The volume of an open top box is created by cutting a square from each corner of a 10 in. by 12 in. piece of paper. The situation is represented by the function V(x)=x(10−2x)(12−2x). Find the maximum volume of a box that can be created from the piece of paper. Round the answer to one decimal place.

To find the maximum volume, we need to find the critical points of the function V(x) and then determine which one is the maximum.

First, let's find the derivative of V(x) with respect to x:
V'(x) = (10−2x)(12−2x) + x(-2)(12−2x) + x(10−2x)(-2)

Simplifying this expression:
V'(x) = (10−2x)(12−2x) - 2x(12−2x) - 2x(10−2x)
V'(x) = (10−2x)(12−2x) - 24x + 4x^2 - 20x + 4x^2
V'(x) = (10−2x)(12−2x) - 44x + 8x^2

Now, let's set the derivative equal to zero and solve for x:
(10−2x)(12−2x) - 44x + 8x^2 = 0

Expanding and rearranging the equation:
120 - 24x - 20x + 4x^2 - 44x + 8x^2 = 0
12x^2 - 88x + 120 = 0
3x^2 - 22x + 30 = 0

Now we can solve this quadratic equation for x.
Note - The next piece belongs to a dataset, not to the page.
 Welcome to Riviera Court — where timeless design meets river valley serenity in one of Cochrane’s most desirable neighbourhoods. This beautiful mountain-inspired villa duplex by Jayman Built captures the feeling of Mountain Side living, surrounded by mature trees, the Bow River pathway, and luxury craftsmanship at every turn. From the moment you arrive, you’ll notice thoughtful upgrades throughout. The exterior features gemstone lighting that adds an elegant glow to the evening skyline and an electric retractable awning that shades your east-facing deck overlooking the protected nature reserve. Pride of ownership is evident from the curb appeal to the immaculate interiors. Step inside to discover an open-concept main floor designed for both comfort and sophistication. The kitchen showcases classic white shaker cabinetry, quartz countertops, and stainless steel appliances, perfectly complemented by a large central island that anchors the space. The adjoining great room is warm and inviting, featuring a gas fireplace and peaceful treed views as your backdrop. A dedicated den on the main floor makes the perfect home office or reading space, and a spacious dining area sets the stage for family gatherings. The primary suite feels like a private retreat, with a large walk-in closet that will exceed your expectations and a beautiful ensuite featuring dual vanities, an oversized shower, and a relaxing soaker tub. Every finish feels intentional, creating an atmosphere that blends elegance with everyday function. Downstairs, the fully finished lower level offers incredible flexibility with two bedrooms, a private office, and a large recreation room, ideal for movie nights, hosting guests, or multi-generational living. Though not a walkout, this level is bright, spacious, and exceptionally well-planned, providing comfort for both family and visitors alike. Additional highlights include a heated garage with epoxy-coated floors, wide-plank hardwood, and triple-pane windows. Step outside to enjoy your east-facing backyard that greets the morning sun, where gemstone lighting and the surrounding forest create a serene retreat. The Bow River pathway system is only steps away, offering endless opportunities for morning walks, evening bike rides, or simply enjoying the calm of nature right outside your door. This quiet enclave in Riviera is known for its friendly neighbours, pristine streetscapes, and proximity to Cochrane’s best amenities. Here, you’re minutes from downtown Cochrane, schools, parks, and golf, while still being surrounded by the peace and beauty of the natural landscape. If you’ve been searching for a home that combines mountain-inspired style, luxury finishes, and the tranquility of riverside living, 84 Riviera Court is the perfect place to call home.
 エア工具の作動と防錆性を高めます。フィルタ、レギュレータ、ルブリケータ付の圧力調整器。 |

Using the quadratic formula, we have:
x = (-(-22) ± sqrt((-22)^2 - 4(3)(30))) / (2(3))
x = (22 ± sqrt(484 - 360)) / 6
x = (22 ± sqrt(124)) / 6
x = (22 ± 2sqrt(31)) / 6
x = (11 ± sqrt(31)) / 3

The two possible values for x are (11 + sqrt(31)) / 3 and (11 - sqrt(31)) / 3.

To determine which value of x gives the maximum volume, we need to check the second derivative of V(x) at these points.
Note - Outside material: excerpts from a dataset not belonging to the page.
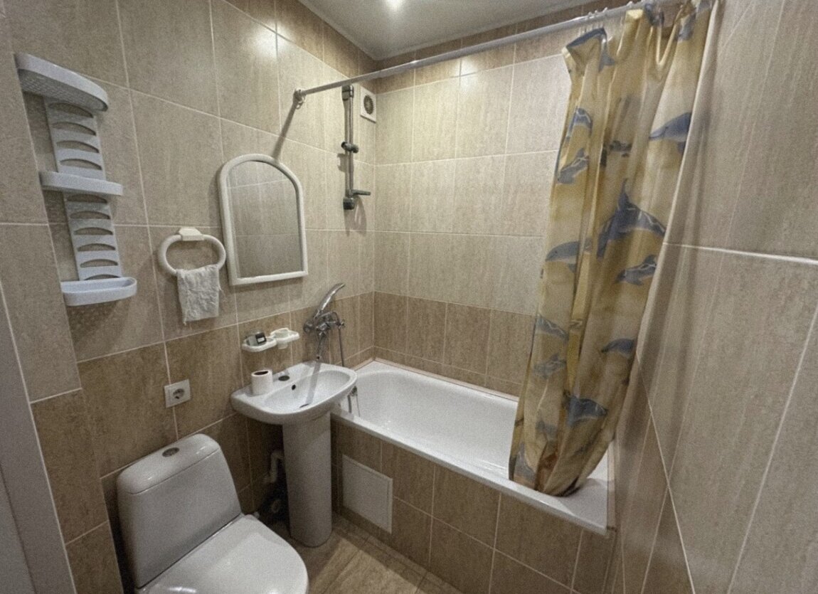 Санузел совмещён в кафеле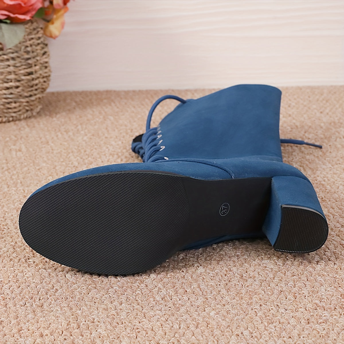 Women's Solid Color Lace-Up Mid-Calf Winter Boots with Chunky Heels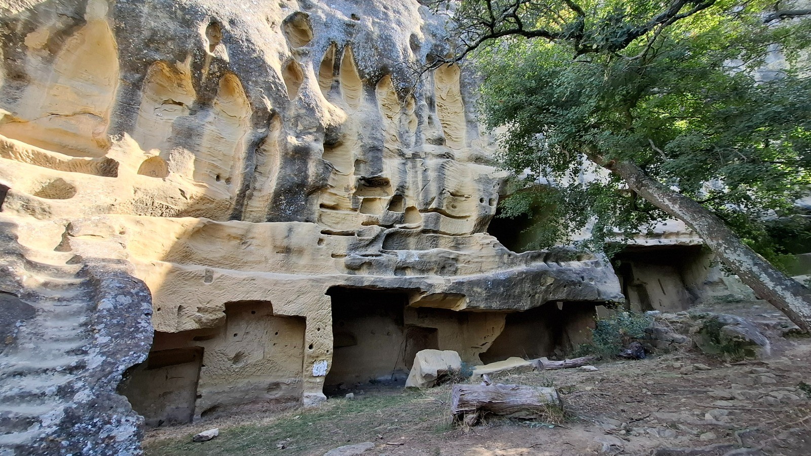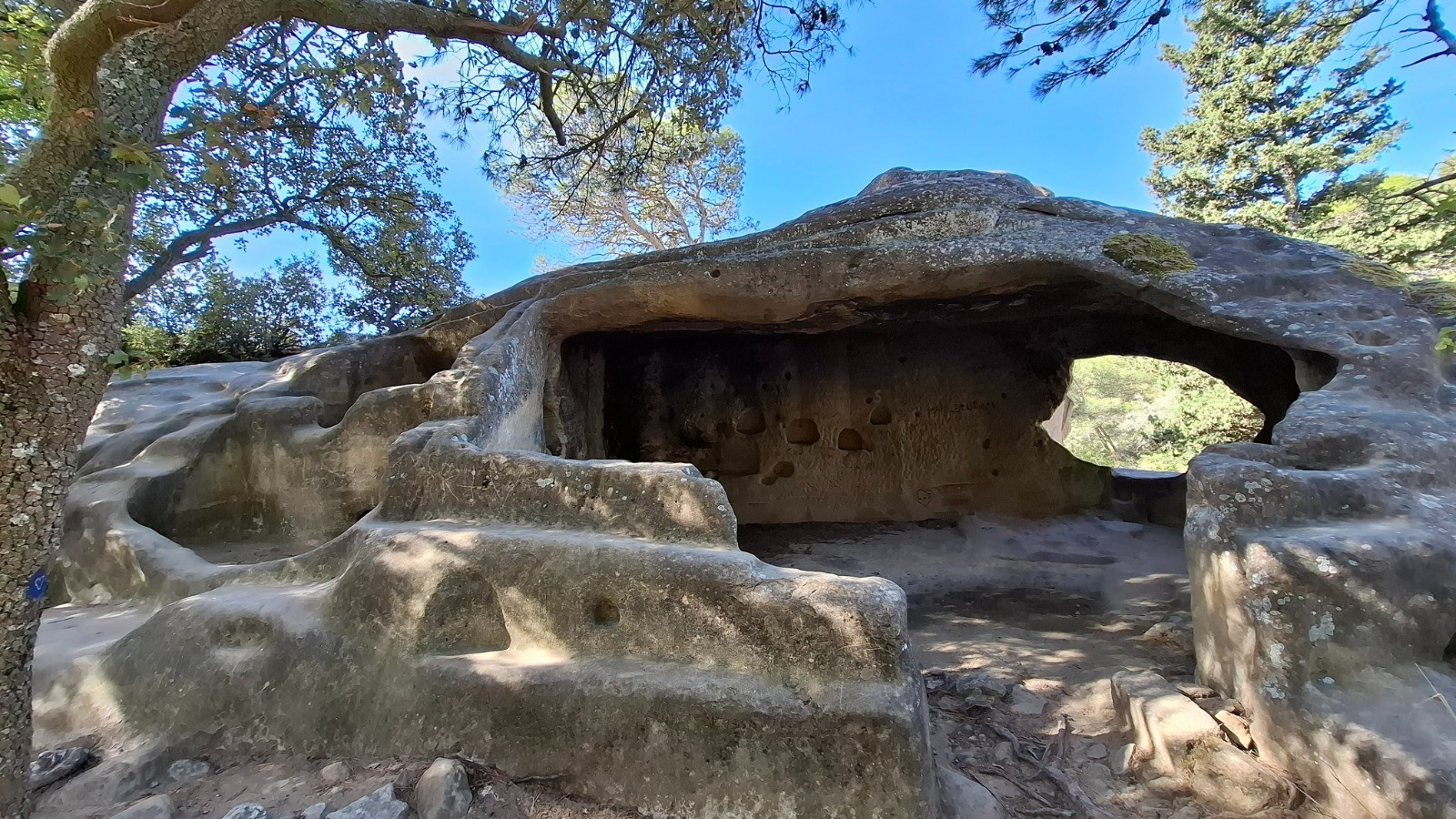 On commence par la visite du site troglodytique médiéval de Calès, une pure merveille. On ne se lasse pas de déambuler le long des parois de grès ou sont creusées toutes ces grottes. Il faut prendre son temps pour ne rien oublier. Des traces bleus, lignes et points, nous orientent dans ce dédale. Avant votre visite vous pouvez acheter à l'épicerie de Lamanon le petit fascicule de l'association Calès Saint-Denis. www.cales-lamanon.fr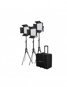 Éste kit de 3 paneles led 600CSA CON ALETAS , incluye támcien 3 pie de estudio y 1 maleta de transporte Trolley. Convirtiendo éste kit en una herramienta de trabajo muy completa. El panel LED de Nanlite que proporciona una iluminación continua brillante, estable y libre de parpadeo, bicolor con temperatura de color variable de 3.200 K a 5.600 K, de gran utilidad para fotografía de estudio y producciones de video. Admite dos fuentes de alimentación, a red o a batería, lo que lo convierte en una fuente de luz led portátil muy luminosa para uso en localización y exteriores.
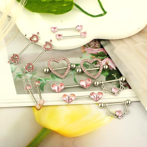 • UNIQUE DESIGN: The Barbell Nipple Ring is Beautiful in Design and Easy to Wear with Double-ended Screw, just twist the ball; Screw out one Ball and Take the Bar out from the Heart, then Put the Bar though your Piercing, Finally Screw on the Ball, Smooth Surface and Edges without Scratching, no Hurt to your Skin, Easy for you to

The second derivative of V(x) is given by:
V''(x) = -4(12−2x) - 2(12−2x) + 16x

Let's evaluate V''((11 + sqrt(31)) / 3):
V''((11 + sqrt(31)) / 3) = -4(12−2((11 + sqrt(31)) / 3)) - 2(12−2((11 + sqrt(31)) / 3)) + 16((11 + sqrt(31)) / 3)
V''((11 + sqrt(31)) / 3) = -4(12−22/3 + 2sqrt(31)/3) - 2(12−22/3 + 2sqrt(31)/3) + 16((11 + sqrt(31)) / 3)
V''((11 + sqrt(31)) / 3) = -4(34/3 - 2sqrt(31)/3) - 2(34/3 - 2sqrt(31)/3) + 16((11 + sqrt(31)) / 3)
V''((11 + sqrt(31)) / 3) = -4(34 - 2sqrt(31)) / 3 - 2(34 - 2sqrt(31)) / 3 + 16((11 + sqrt(31)) / 3)
V''((11 + sqrt(31)) / 3) = (-4(34 - 2sqrt(31)) - 2(34 - 2sqrt(31)) + 16(11 + sqrt(31))) / 3
V''((11 + sqrt(31)) / 3) = (68sqrt(31) + 364) / 3

Since the second derivative is positive for ((11 + sqrt(31)) / 3), it means that this point corresponds to a minimum, not a maximum.

Now let's evaluate V''((11 - sqrt(31)) / 3):
V''((11 - sqrt(31)) / 3) = (68sqrt(31) - 364) / 3

Since the second derivative is negative for ((11 - sqrt(31)) / 3), it means that this point corresponds to a maximum.

Therefore, the maximum volume of the box that can be created from the piece of paper is given when x = (11 - sqrt(31)) / 3.

Now we can substitute this value of x back into the original function V(x) to find the maximum volume:

V((11 - sqrt(31)) / 3) = ((11 - sqrt(31)) / 3)(10−2((11 - sqrt(31)) / 3))(12−2((11 - sqrt(31)) / 3))

Calculating this expression, you'll find that the maximum volume is approximately 131.8 cubic inches (rounded to one decimal place).